Exercise data:
▶

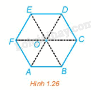 \(\widehat {AOB} = \widehat {BOC} = \widehat {COD} = \widehat {DOE} = \widehat {EOF} = \widehat {FOA} = 60^\circ  = \frac{\pi }{3}\) và \(OA{\rm{ }} = {\rm{ }}OB{\rm{ }} = {\rm{ }}OC{\rm{ }} = {\rm{ }}OD{\rm{ }} = {\rm{ }}OE{\rm{ }} = {\rm{ }}OF\).
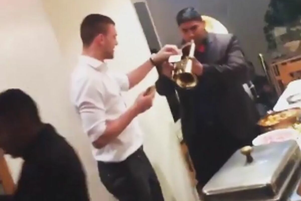 On nije vrata od svog doma otvorio samo prijateljima, već i trubačima, koji su došli da uveličijau veselje u vili.
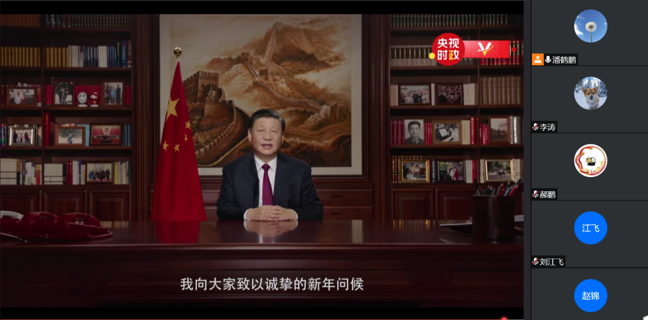 首先,潘鹤鹏同志带领大家一起观看了二零二二年习近平总书记新年贺词,同志们观看视频结束后,感想颇深,纷纷表示要积极的学习专业知识,为祖国建设舔砖加瓦。

◀

Transcribe the listing exactly; skip the pictures.

 \(\widehat {AOB} = \widehat {BOC} = \widehat {COD} = \widehat {DOE} = \widehat {EOF} = \widehat {FOA} = 60^\circ  = \frac{\pi }{3}\) và \(OA{\rm{ }} = {\rm{ }}OB{\rm{ }} = {\rm{ }}OC{\rm{ }} = {\rm{ }}OD{\rm{ }} = {\rm{ }}OE{\rm{ }} = {\rm{ }}OF\).
 On nije vrata od svog doma otvorio samo prijateljima, već i trubačima, koji su došli da uveličijau veselje u vili.
 首先,潘鹤鹏同志带领大家一起观看了二零二二年习近平总书记新年贺词,同志们观看视频结束后,感想颇深,纷纷表示要积极的学习专业知识,为祖国建设舔砖加瓦。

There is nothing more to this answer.